Include the line with "MAGDUM Bauernhof Foto" and every line before it in the entries below, echoed exactly, but not the pictures.

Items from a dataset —
- - -

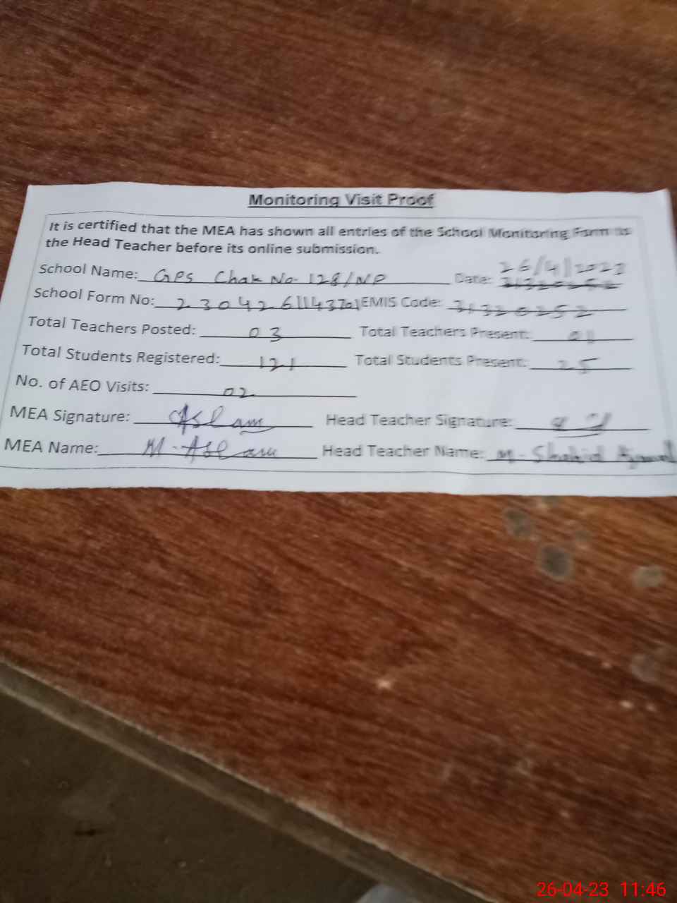 | Attendance Register | Head Teacher | MEA with School | Visit Proof |
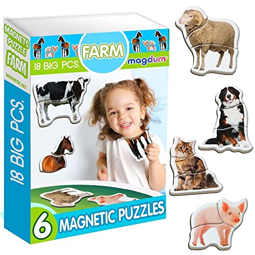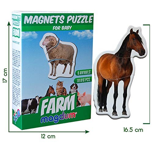 MAGDUM Bauernhof Foto Realistische Magnetische Puzzles enthält: 18 Stück magnetische Segmente für 6 Nutztiere. Die praktische Box hilft Ihnen, das Produkt nach dem Gebrauch zu lagern und auf Reisen mitzunehmen.
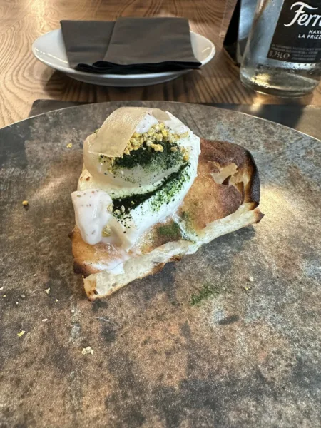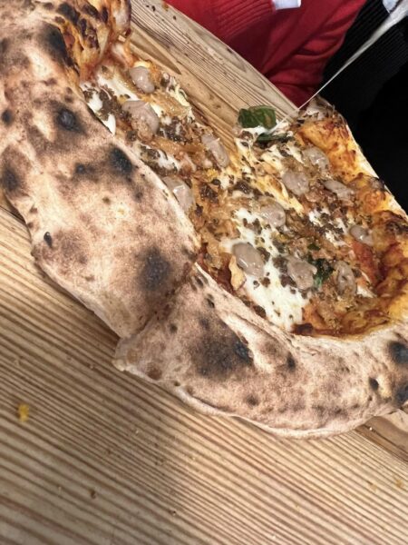 Un menu degustazione in pizzeria non è il giro pizza. Per proporre un menu degustazione, ci deve essere un fil rouge che collega tutti gli assaggi, un percorso studiato e non solo far provare uno spicchio di pizza tra le pizze che hai in carta. La cosa che mi ha sorpreso più di tutto è proprio questo aspetto, il senso complessivo degli assaggi, la varietà delle sensazioni palatali e soprattutto la centralità dell’impasto, anzi la centralità degli impasti, perché se gli impasti passano in secondo piano non sei pizzaiolo. Il menu costa 70 euro e li vale tutti, ma potrete anche spendere solo 7 euro per la classica e deliziosa Margherita, nella migliore pizzeria del mondo da 5 anni di fila.
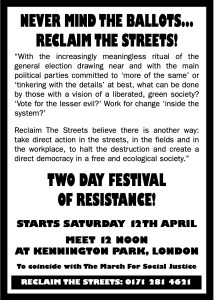 The weekend was planned to begin with the distribution of 20,000 copies of a newspaper called ‘Evading Standards’ (a spoof of the leading London newspaper, the ‘Evening Standard’) handed out free at tube stations across London during the evening rush hour. With the headline “General Election Cancelled”, the newspaper was produced as a counter voice to the mainstream media, to explain to the general public RTS vision of a world where people took back control of their lives from multinational corporations and governments, with forms of local democracy and local ecological production. It contained humorous or critical commentary along with information on a range of alternative politics and on the coming weekend’s events.
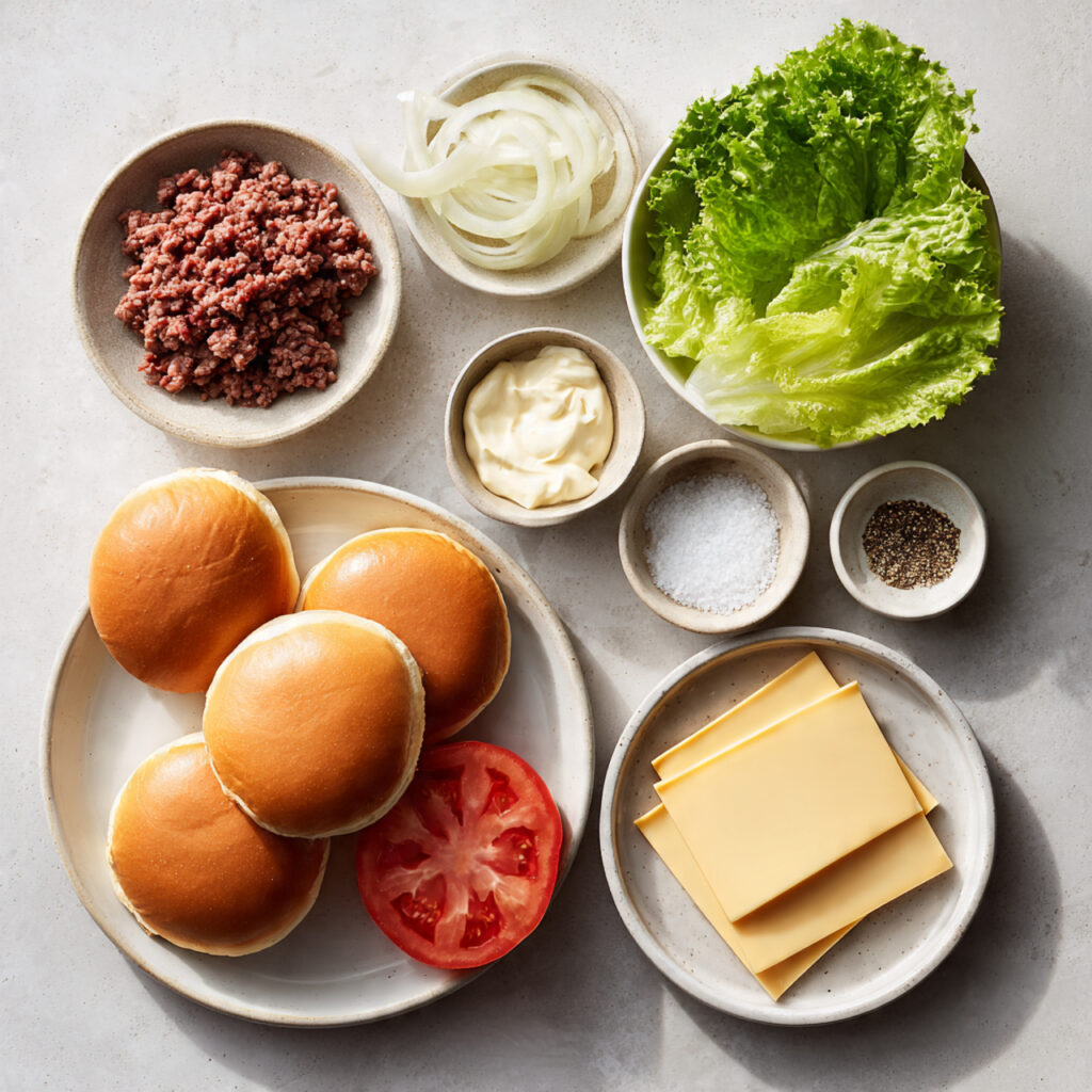 - Ground Beef: 500g, shaped into patties, provides the main flavor.

- - -

Problem solution —
 | Attendance Register | Head Teacher | MEA with School | Visit Proof |
 MAGDUM Bauernhof Foto Realistische Magnetische Puzzles enthält: 18 Stück magnetische Segmente für 6 Nutztiere. Die praktische Box hilft Ihnen, das Produkt nach dem Gebrauch zu lagern und auf Reisen mitzunehmen.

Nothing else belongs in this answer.